Schematic representation of the exon/intron pattern of lamin genes of three cephalopods: (a) Nautilus pompilius (Nautilida), (b) Octopus vulgaris (Octopoda), (c) Architeuthis dux (Teuthida). No transcript information is available for Architeuthis dux. However, the Architeuthis gene structure could be deduced by using the transcript information of Sepioloida lineolata, for which four transcript variants are known (e). Open boxes with the corresponding Arabic numerals below the boxes represent exons. Their length corresponds approximately to the length of the respective coding regions. The alternatively spliced exon 11 in (b) and 11 and 12 in (c) are drawn in red and blue, respectively. The exon encoding the last two nucleotides of the terminal tryptophan codon is represented by a vertical black bar. Intron positions are each represented by an inverted V. Archetypal lamin introns are numbered by Roman numerals I to VIII according to (Peter and Stick 2012). The second intron, represented as a green broken inverted V is exclusively found in protostomes, to which the cephalopods belong. The blow-up in (c) shows the last 15 amino acid residues encoded by exon 10 and the complete sequences encoded by exons 11 to 14 of the Architeuthis lamin gene. Asterisks (*) indicate termination codons. Of note, the highly conserved terminal tryptophan residue is encoded by two exons. The first nucleotide of the triplet is encoded by exon 13, the second and third nucleotide by exon 14; this split is not represented in the schematic for the sake of clarity. In (d) and (e) are shown the C-terminal sequences encoded by alternative spliced transcript variants of (d) Octopus vulgaris and (e) Sepioloidea lineolata, respectively. For Sepioloidea lineolata, only transcriptome data are currently available. However, the mode of splicing of these transcript variants can be deduced with the help of the Architeuthis lamin gene structure (c). Note that in Sepioloidea linoleolata all four possible splice options are realised (e)

Downstream of exon 10, cephalopod lamin genes differ from those of most other species. While in most other metazoans the CaaX motif is encoded in a single short exon, C-termini of the cephalopod lamins are encoded by two, three or four exons respectively (Fig. 3a, b, c). The C-terminal cephalopod consensus motif is encoded in two exons, with the last exon containing only the second and third nucleotide of the terminal tryptophan codon followed by a termination codon. This feature is consistently found in all cephalopod lamins analysed so far. For Nautilus pompilius, only one type of transcript has been found. In contrast, two transcript variants are present in most Octopodiformes (e.g. Hapalochlaena maculosa, Octopus kaurna, O. maya, O.vulgaris) and up to four in the Decapodiformes (e.g. Chiroteuthis calyx (3), Dosidicus gigas (3), Euprymna tasmanica (2), Octopoteuthis deletron (3), Onychoteuthis banksii (2), Pterygioteuthis hoylei (2), Sepia esculenta (2), Sepia pharaonis (2), Sepioloidea lineolata (4), Vampyroteuthis infernalis (3), Watasenia scintillans (3)). These variants result from alternative splicing of the additional one, respectively two exons, which are located between exon 10 and the two terminal exons (Fig. 3b, c, d, e).
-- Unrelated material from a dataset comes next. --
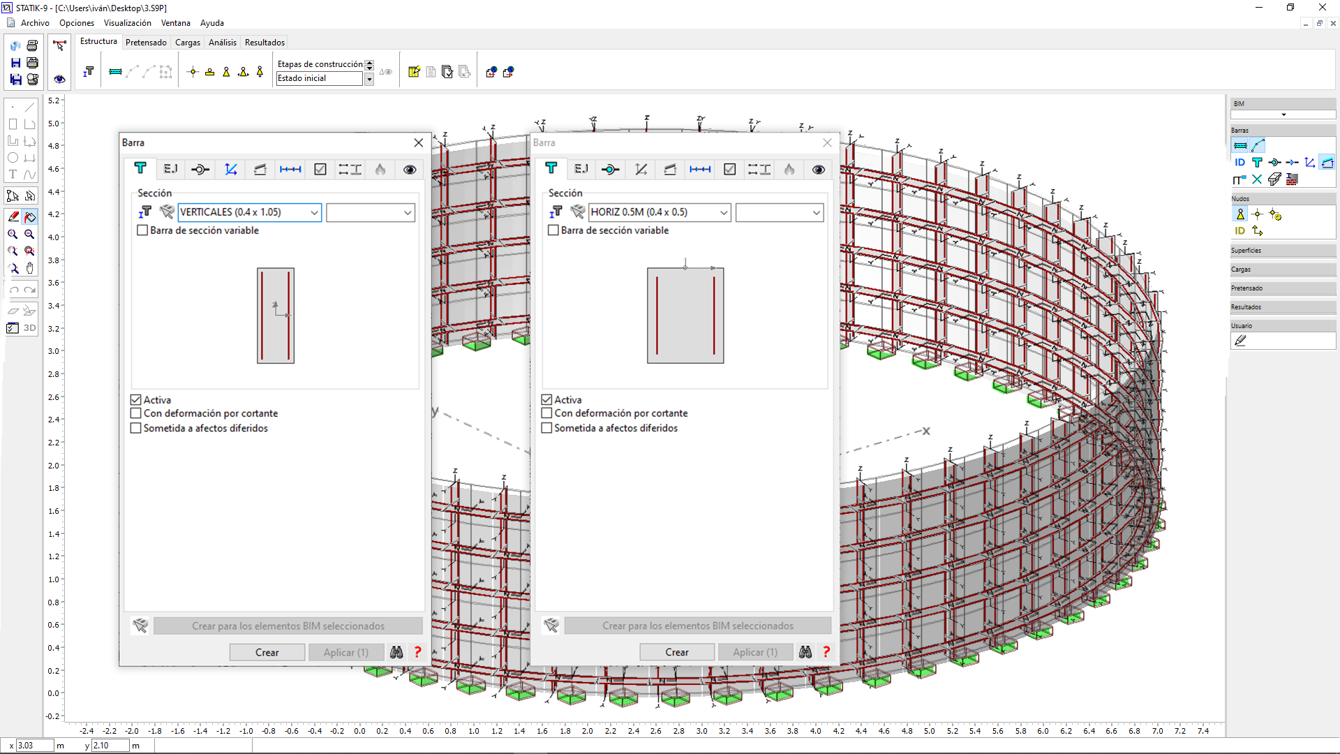 2.29.- MEMBER. MODIFYING THE RIGIDITY OF THE SECTIONS. APPLICATION TO STATIK (II)

Whether with or without the regions encoded by the alternatively spliced exons, all cephalopod lamins terminate with the consensus sQqkkgWlFW (uppercase ≥ 90% identity, lowercase ≥ 50% identity) (Corpet 1988). The C-termini lack negatively charged residues with a few exceptions and are rich in the aromatic residues phenylalanine and tryptophan. Particularly noteworthy is the highly conserved position of two tryptophan residues at the very C-terminus from two points of view. Firstly, this amino acid is one of the rarest in proteins. Secondly, tryptophan has a special role in the interaction of proteins with membranes (Khemaissa et al. 2021).
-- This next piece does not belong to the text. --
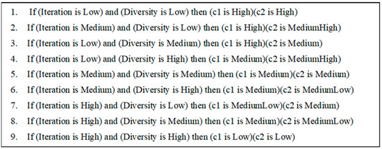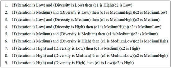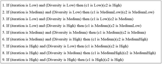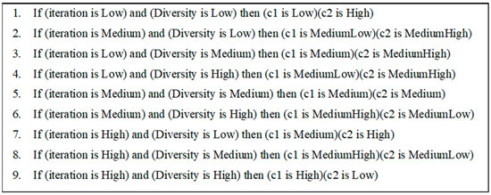 Figure 6 presents the fuzzy rules set corresponding to C1, which maintains medium–low iterations, and C2 maintains medium–high iterations.

CaaX-less lamins in the phylum Annelida

Annelida, commonly named as segmented worms, is a morphologically diverse phylum within the Lophotrochozoa. The phylum comprises over 16,000 species, which inhabit a wide range of marine, freshwater and terrestrial habitats and enjoy very different lifestyles. Most basic phylogenetic relationships within the annelids have been clarified in recent years with the help of extensive sequence and phylogenomic analyses (Fig. 4). There are two major clades, the Sedentaria and the Errantia, in addition to several basal groups (Struck et al. 2011, 2015; Weigert et al. 2014; Weigert and Bleidorn 2016). We were able to determine lamin sequences for the 18 clades listed in Fig. 4. Even though the number of lamin sequences obtained from the basal annelid groups is still small, the following picture emerges: Lamins with a C-terminus other than a CaaX motif are found in a subset of clades of the Sedentaria, namely the Clitellata, Terebelliformia, Arenicolidae, Opheliidae, Capitellidae, and Echiura (Fig. 4). The C-termini of all these lamins, similar to those of the cephalopods, lack negative amino acid residues with few exceptions and are rich in aromatic residues (Tables 2, 3, and 4). However, the number of aromatic residues varies between individual lamins (Table 4). This is especially true for the earthworms of the genera Lumbricus, Eisenia, and Glossoscolex, which express two or even three lamins, one of which usually has a particularly high proportion of aromatic residues, as well as for all Terebelliformia that were studied (Table 4).

Fig. 4
figure 4

Phylogenetic relationships of 18 clades of the Annelida according to Weigert et al. (2014). Vertical brackets indicate the two major monophyletic clades, Sedentaria and Errantia, as well as the basal annelid taxa. Note that clades of different phylogenetic ranks are shown. The phylogenetic relationship of the Siboglinidae and Orbiniidae is not finally solved (broken lines). CaaX or CaaX-less denotes the presence or absence of the C-terminal CaaX motif in lamin proteins of the respective phyla. CaaX + CaaX-less indicates that both, a lamin with and one without a CaaX motif is expressed. Species name of one representative for each clade is given. The number of species for which lamin sequences were obtained is given in parentheses together with the total number of species of this taxon as listed in the Catalogue of life (Bánki et al. 2022)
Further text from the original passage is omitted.